**DATA:**
__________

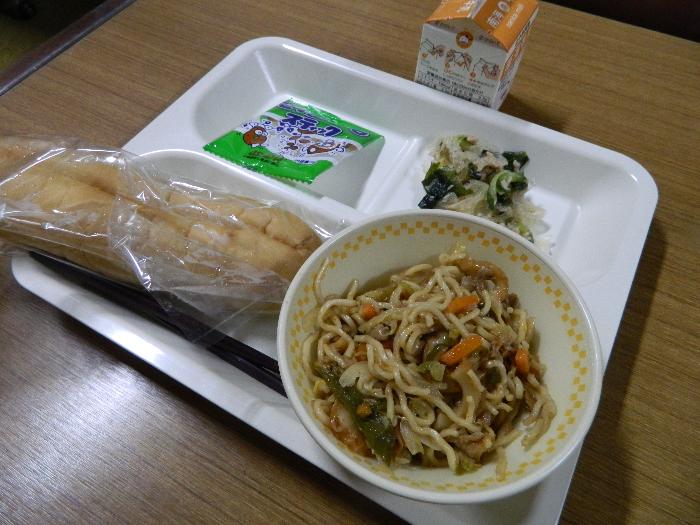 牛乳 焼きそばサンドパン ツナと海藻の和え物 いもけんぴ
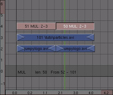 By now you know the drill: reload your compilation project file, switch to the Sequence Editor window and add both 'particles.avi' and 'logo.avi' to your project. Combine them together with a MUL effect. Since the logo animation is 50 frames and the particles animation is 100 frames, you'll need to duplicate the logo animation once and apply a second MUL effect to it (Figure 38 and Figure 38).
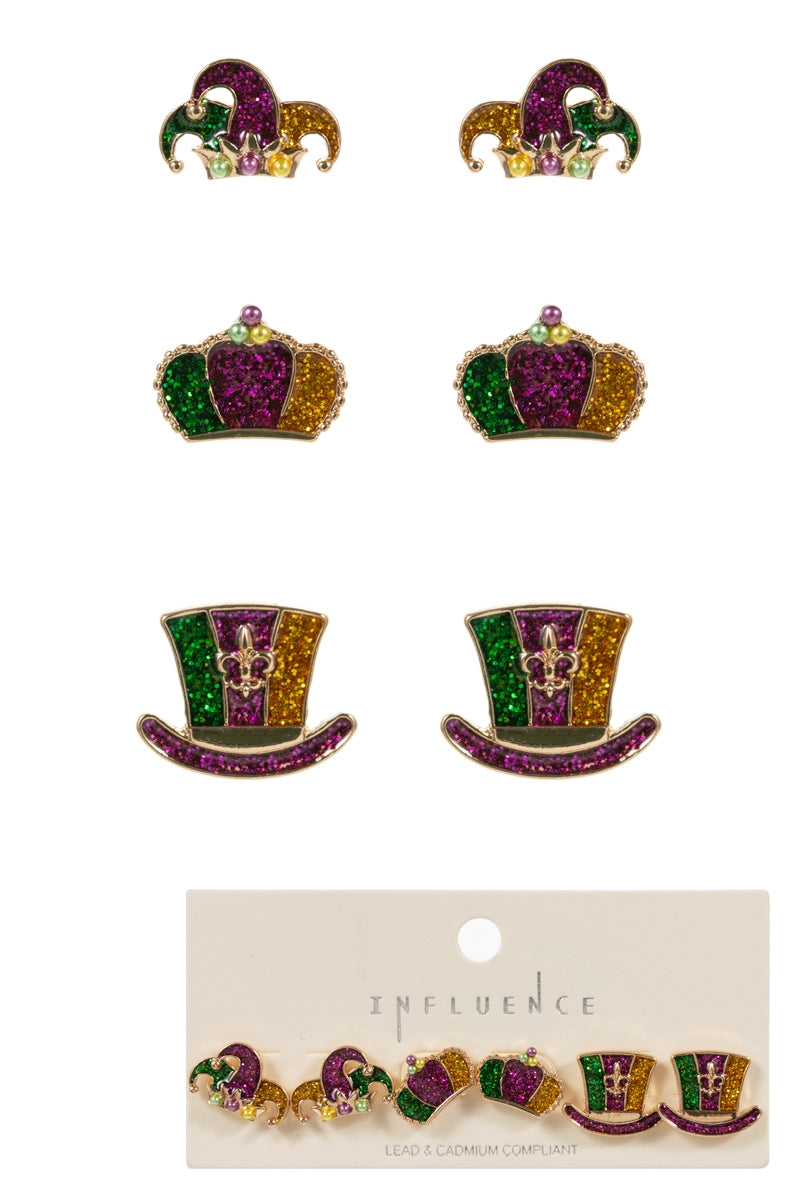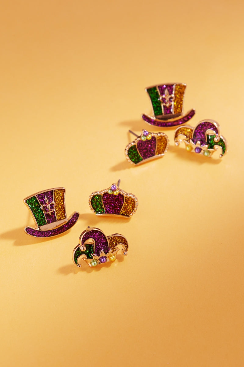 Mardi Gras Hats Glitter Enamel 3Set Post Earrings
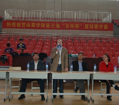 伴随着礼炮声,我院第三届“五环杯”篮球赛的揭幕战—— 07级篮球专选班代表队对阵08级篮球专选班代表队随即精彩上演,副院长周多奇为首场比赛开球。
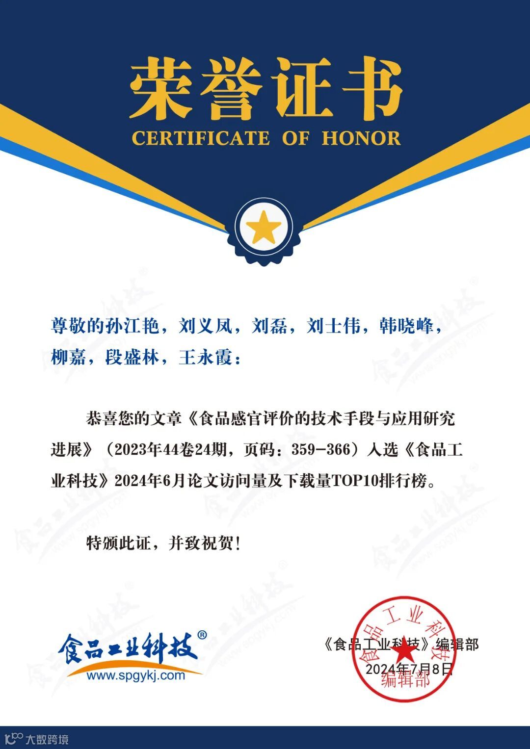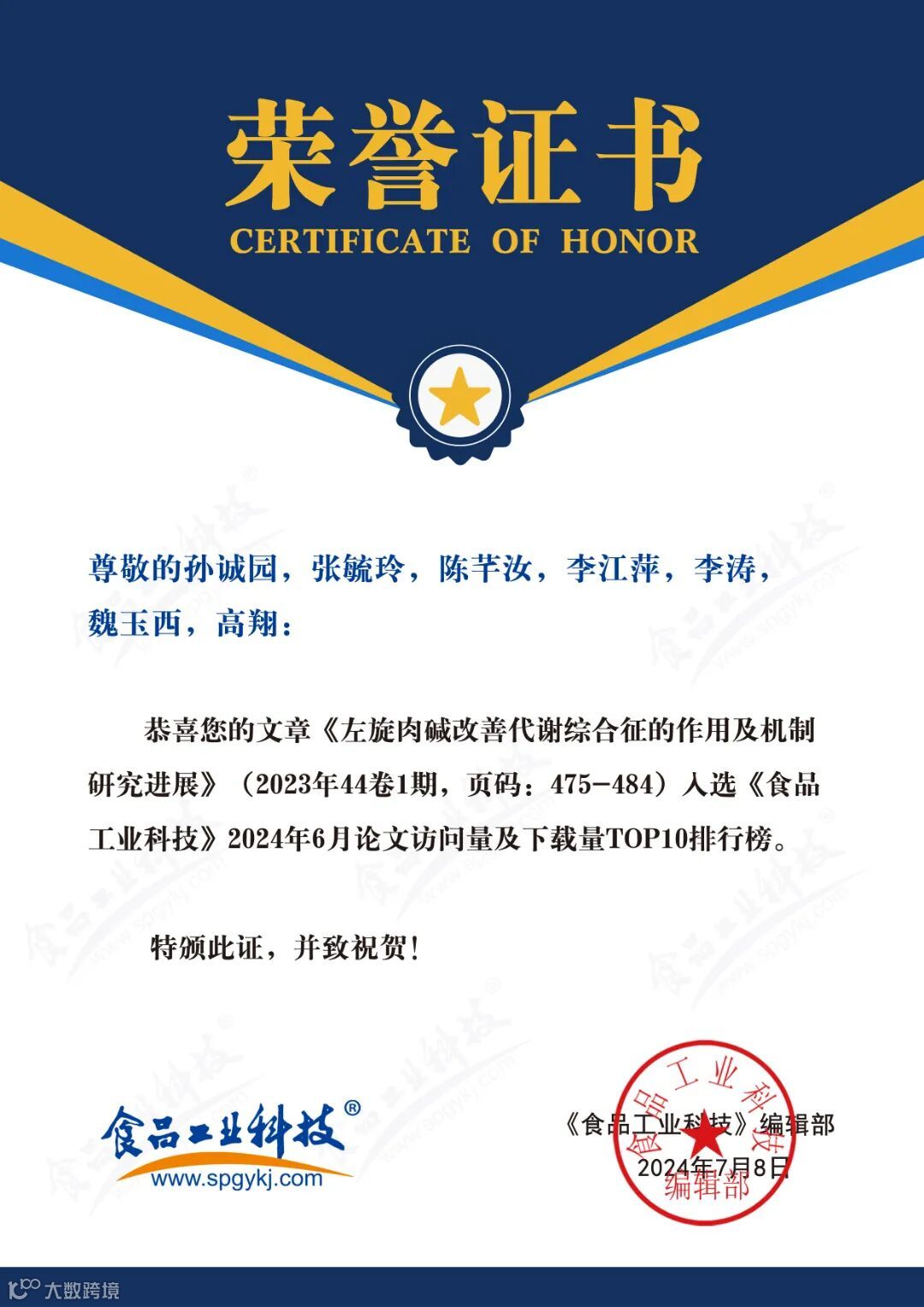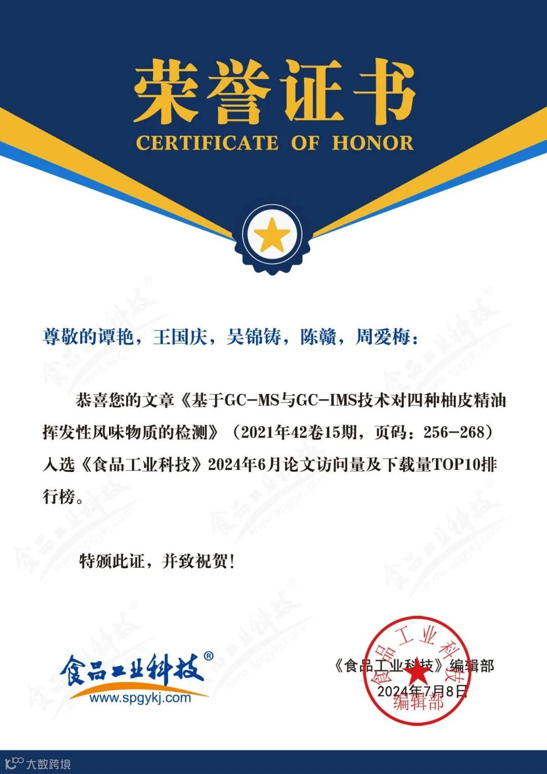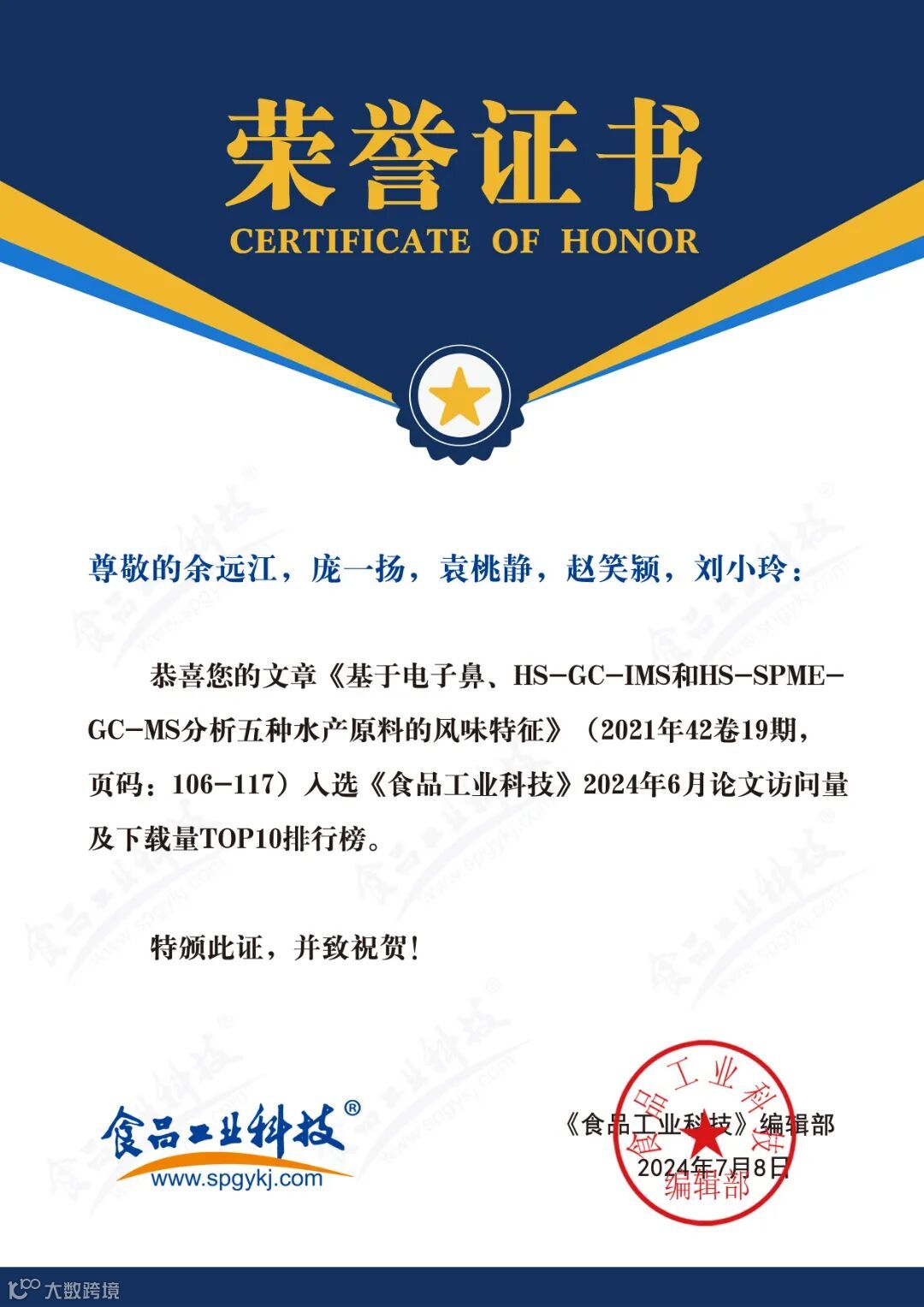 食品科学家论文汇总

__________

**DIRECTIONS FOR THIS TASK:** Reprint the whole listing verbatim except for the pictures.

**SOLVED PROBLEM:**
 牛乳 焼きそばサンドパン ツナと海藻の和え物 いもけんぴ
 By now you know the drill: reload your compilation project file, switch to the Sequence Editor window and add both 'particles.avi' and 'logo.avi' to your project. Combine them together with a MUL effect. Since the logo animation is 50 frames and the particles animation is 100 frames, you'll need to duplicate the logo animation once and apply a second MUL effect to it (Figure 38 and Figure 38).
 Mardi Gras Hats Glitter Enamel 3Set Post Earrings
 伴随着礼炮声,我院第三届“五环杯”篮球赛的揭幕战—— 07级篮球专选班代表队对阵08级篮球专选班代表队随即精彩上演,副院长周多奇为首场比赛开球。
 食品科学家论文汇总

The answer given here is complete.